* _EXERCISE PROMPT_:
May I please have every record restated word for word, with the images left out?

Extracted records:

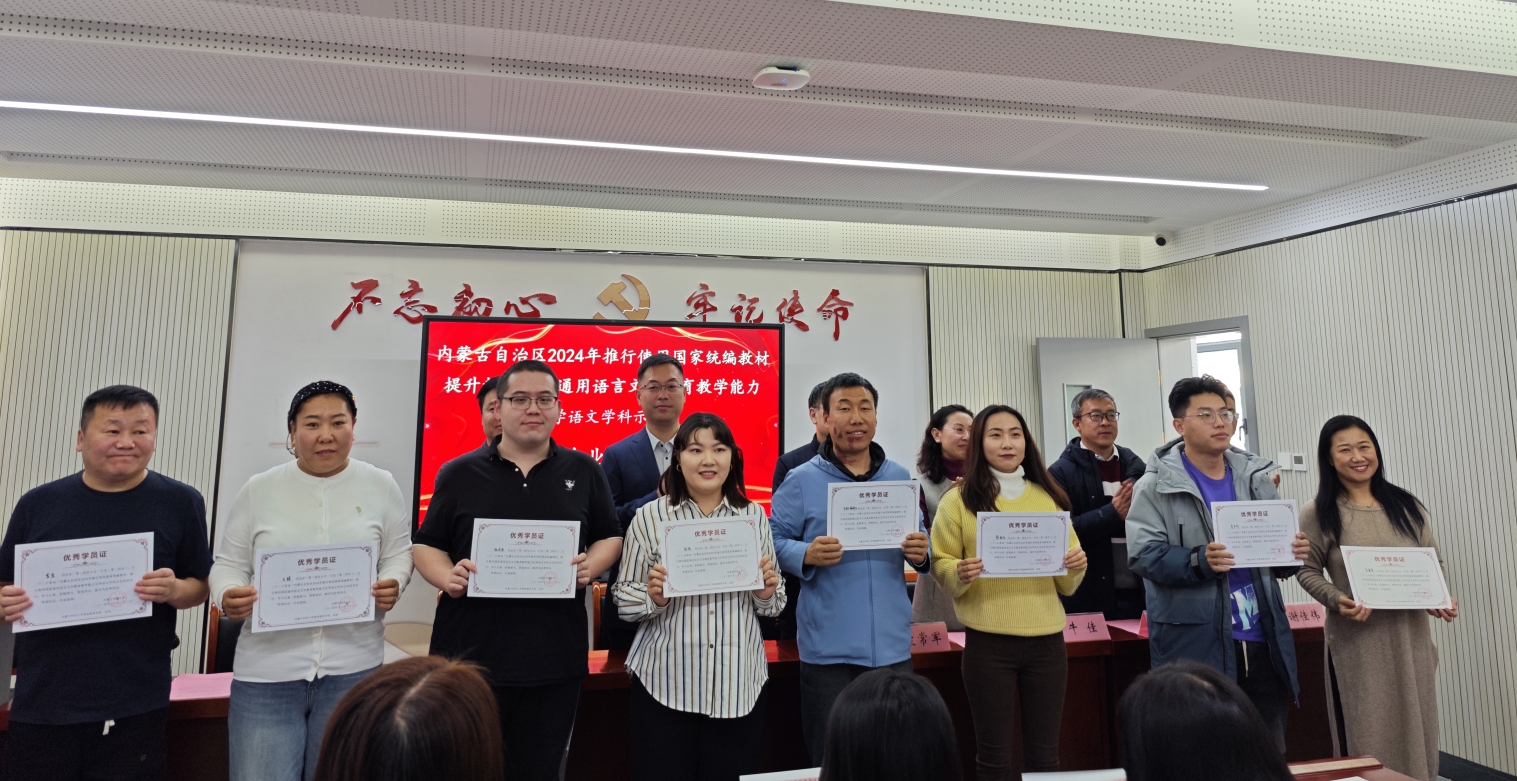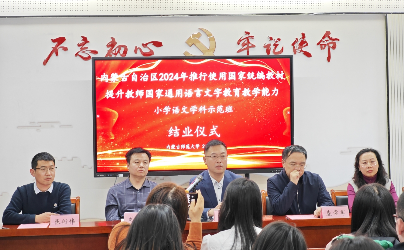 2024年12月20日,pg娱乐官网和继续教育学院共同承担的内蒙古自治区2024年推行使用国家统编教材提升教师国家通用语言文字教育教学能力小学语文学科示范班培训工作圆满完成,参训的48位学员全部顺利结业,当日举办了隆重的示范班结业仪式。pg娱乐官网副院长张钧、汉语言文学系主任李瑞春、青年教师谢佳伟出席示范班结业仪式。
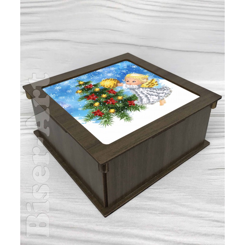 Коробочка під вишивку з дерев'яного матеріалу декорованного під горіх. Розмір коробочки 16х16х7 см, розмір вишивки 14х14 см. Складається з 7 деталей та схеми під вишивку з габардину. Виріб приходить у розібранному вигляді, інструкція по збірці додається. Коробочка може додотково комплектуватися бісером, нитками, голкою. Підходить для подарунків або зберігання прикрас чи інших дрібниць.
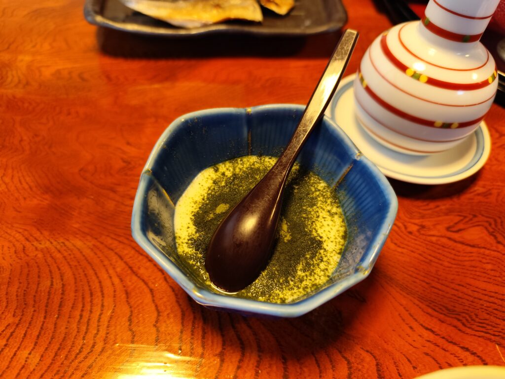 ぱっと見たときには海苔がかかった何かかと思ったが、試しにひと口いただいてプリンだと判明。プリンの甘さと抹茶の苦みが意外とマッチしていておいしかった。
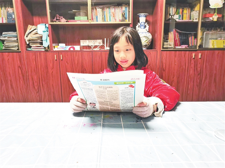 黄新越在阅读中也会注意对好词好句的积累,好的作品,她也会把它保存下来。在父母的引导以及好作品的熏陶下,黄新越也逐渐有了想在晚报上刊发自己作品的想法。“我们也会引导她,通过平时的小练笔、小作文让她试着写一些,帮助她修改,和老师一起,帮助她把稿子投出去。”黄新越的爸爸告诉记者,黄新越投稿了不少作品:“稿费有好几个5块。”同时,由于报纸便于保存的特点,黄新越总会在自己的作品发表以后,把自己的作品做成剪报,放在自己的资料盒里好好保存起来。她说,以后自己还会继续和爸爸妈妈一起看晚报,也会继续给晚报投稿。她的资料盒也一定会越来越丰富。
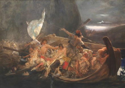 «ΤΟ ΛΟΥΛΟΥΔΙ ΤΗΣ ΕΛΛΑΔΟΣ» » του 1836 του Julius Ahiborn. Αυτός ο πίνακας από τον Ahiborn είναι ένα αντίγραφο του πρωτοτύπου από τον Karl Friedrich Schinkel που έχει χαθεί.Αυτή η παράσταση δείχνει τους Ελληνες στην κατασκευή ενός ναού ,τοποθετώντας το τελευταίο μπλοκ της ζωφόρου του . Η ελληνική επιγραφή κάτω αναφέρει ύμνο του Αριστοτέλη για τις αρετές της μάχης. Αυτό το αριστούργημα βρίσκεται στην Alte Nationalgalerie, Staatliche Museen zu Berlin.

* _TASK RESULT_:
 2024年12月20日,pg娱乐官网和继续教育学院共同承担的内蒙古自治区2024年推行使用国家统编教材提升教师国家通用语言文字教育教学能力小学语文学科示范班培训工作圆满完成,参训的48位学员全部顺利结业,当日举办了隆重的示范班结业仪式。pg娱乐官网副院长张钧、汉语言文学系主任李瑞春、青年教师谢佳伟出席示范班结业仪式。
 Коробочка під вишивку з дерев'яного матеріалу декорованного під горіх. Розмір коробочки 16х16х7 см, розмір вишивки 14х14 см. Складається з 7 деталей та схеми під вишивку з габардину. Виріб приходить у розібранному вигляді, інструкція по збірці додається. Коробочка може додотково комплектуватися бісером, нитками, голкою. Підходить для подарунків або зберігання прикрас чи інших дрібниць.
 ぱっと見たときには海苔がかかった何かかと思ったが、試しにひと口いただいてプリンだと判明。プリンの甘さと抹茶の苦みが意外とマッチしていておいしかった。
 黄新越在阅读中也会注意对好词好句的积累,好的作品,她也会把它保存下来。在父母的引导以及好作品的熏陶下,黄新越也逐渐有了想在晚报上刊发自己作品的想法。“我们也会引导她,通过平时的小练笔、小作文让她试着写一些,帮助她修改,和老师一起,帮助她把稿子投出去。”黄新越的爸爸告诉记者,黄新越投稿了不少作品:“稿费有好几个5块。”同时,由于报纸便于保存的特点,黄新越总会在自己的作品发表以后,把自己的作品做成剪报,放在自己的资料盒里好好保存起来。她说,以后自己还会继续和爸爸妈妈一起看晚报,也会继续给晚报投稿。她的资料盒也一定会越来越丰富。
 «ΤΟ ΛΟΥΛΟΥΔΙ ΤΗΣ ΕΛΛΑΔΟΣ» » του 1836 του Julius Ahiborn. Αυτός ο πίνακας από τον Ahiborn είναι ένα αντίγραφο του πρωτοτύπου από τον Karl Friedrich Schinkel που έχει χαθεί.Αυτή η παράσταση δείχνει τους Ελληνες στην κατασκευή ενός ναού ,τοποθετώντας το τελευταίο μπλοκ της ζωφόρου του . Η ελληνική επιγραφή κάτω αναφέρει ύμνο του Αριστοτέλη για τις αρετές της μάχης. Αυτό το αριστούργημα βρίσκεται στην Alte Nationalgalerie, Staatliche Museen zu Berlin.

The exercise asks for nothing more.